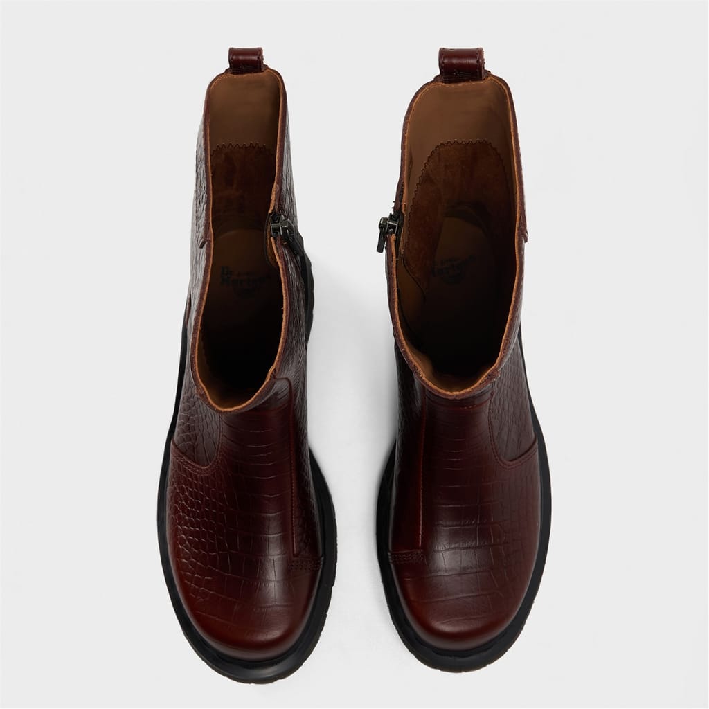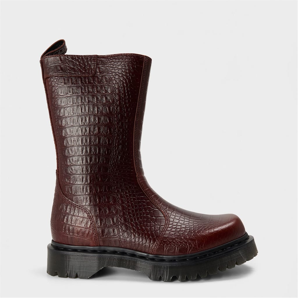 Discover the iconic Dr. Martens knee-high boots, a standout addition to any footwear collection. These boots feature a distinctive snake skin texture, adding a unique flair to their design. Crafted with a round toe, they offer both style and comfort. Perfect for those seeking a bold yet classic look, these boots embody the timeless appeal of Dr. Martens. -
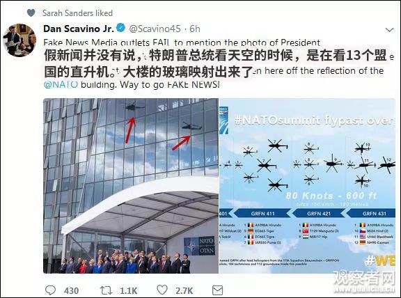 但是,白宮社群媒體主任史卡比諾 (Dan Scavino Jr。)卻站出來指責(zé)“假新聞”。他表示,當(dāng)時各國領(lǐng)導(dǎo)人正在抬頭看天空中飛過的13國直升機,并配上了一張動作整齊劃一的照片。
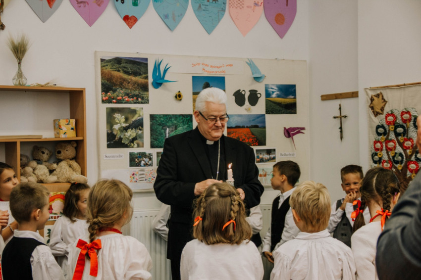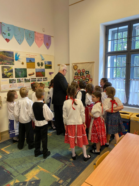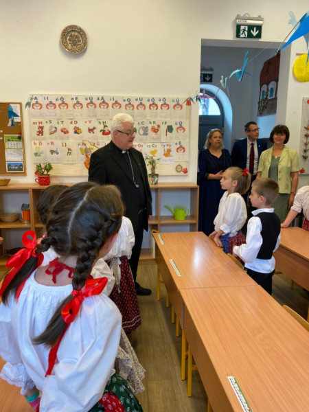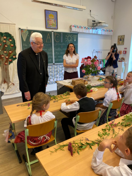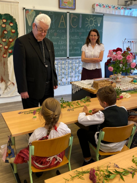 A főpásztor találkozott a pedagógusokkal, a diákokkal és a szülők képviselőivel. A ballagó diákok itt búcsúztak el iskolai közösségüktől, hálát adtak egymásért, tanáraikért, családjaikért és az elmúlt évekért. Spányi Antal püspök több osztályközösséggel is találkozott, köztük a legkisebbekkel, akik énekszóval köszöntötték névnapja alkalmából.
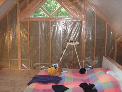 in onze slaapkamer aangelegd. De wand kon nu gevuld met isolatiemateriaal
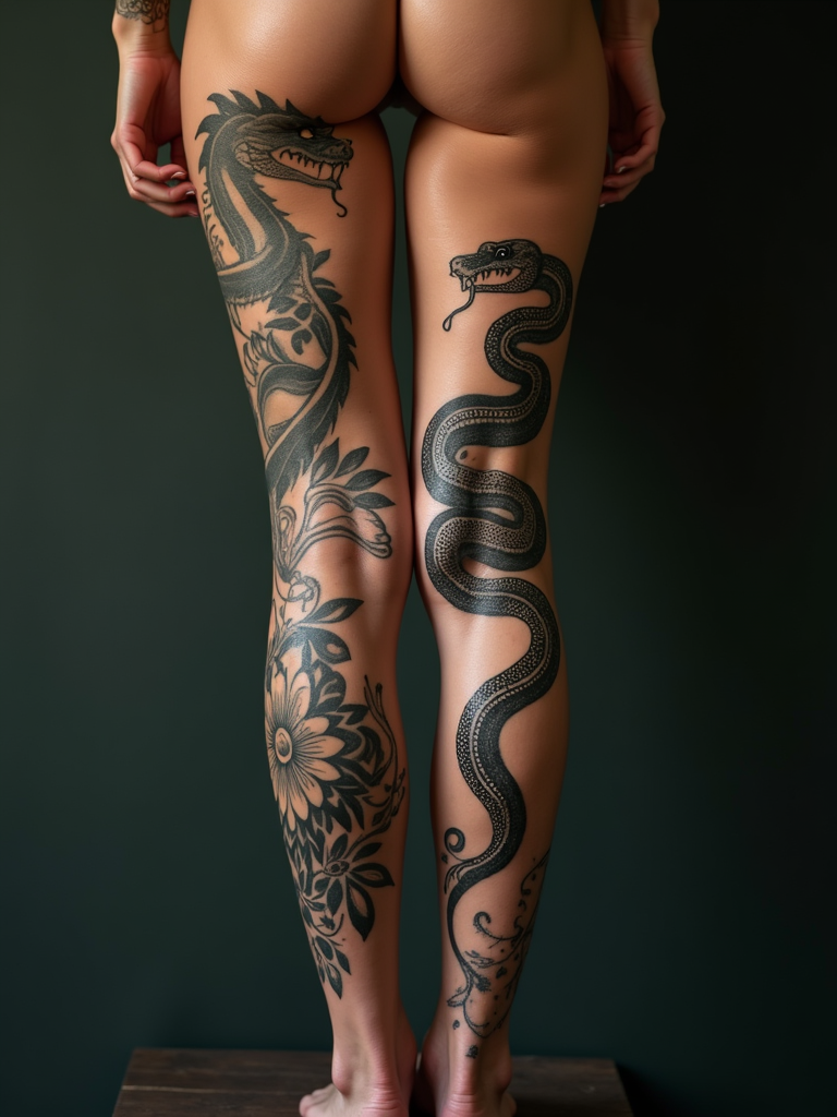 Model with tattooed legs and thighs, bold designs. Snake wrapping around the thigh, elegant and powerful . Artistic photography.
——
BRIEF:
Without including any pictures, repeat the records above exactly.

WRITTEN ANSWER:
 Discover the iconic Dr. Martens knee-high boots, a standout addition to any footwear collection. These boots feature a distinctive snake skin texture, adding a unique flair to their design. Crafted with a round toe, they offer both style and comfort. Perfect for those seeking a bold yet classic look, these boots embody the timeless appeal of Dr. Martens. -
 但是,白宮社群媒體主任史卡比諾 (Dan Scavino Jr。)卻站出來指責(zé)“假新聞”。他表示,當(dāng)時各國領(lǐng)導(dǎo)人正在抬頭看天空中飛過的13國直升機,并配上了一張動作整齊劃一的照片。
 A főpásztor találkozott a pedagógusokkal, a diákokkal és a szülők képviselőivel. A ballagó diákok itt búcsúztak el iskolai közösségüktől, hálát adtak egymásért, tanáraikért, családjaikért és az elmúlt évekért. Spányi Antal püspök több osztályközösséggel is találkozott, köztük a legkisebbekkel, akik énekszóval köszöntötték névnapja alkalmából.
 in onze slaapkamer aangelegd. De wand kon nu gevuld met isolatiemateriaal
 Model with tattooed legs and thighs, bold designs. Snake wrapping around the thigh, elegant and powerful . Artistic photography.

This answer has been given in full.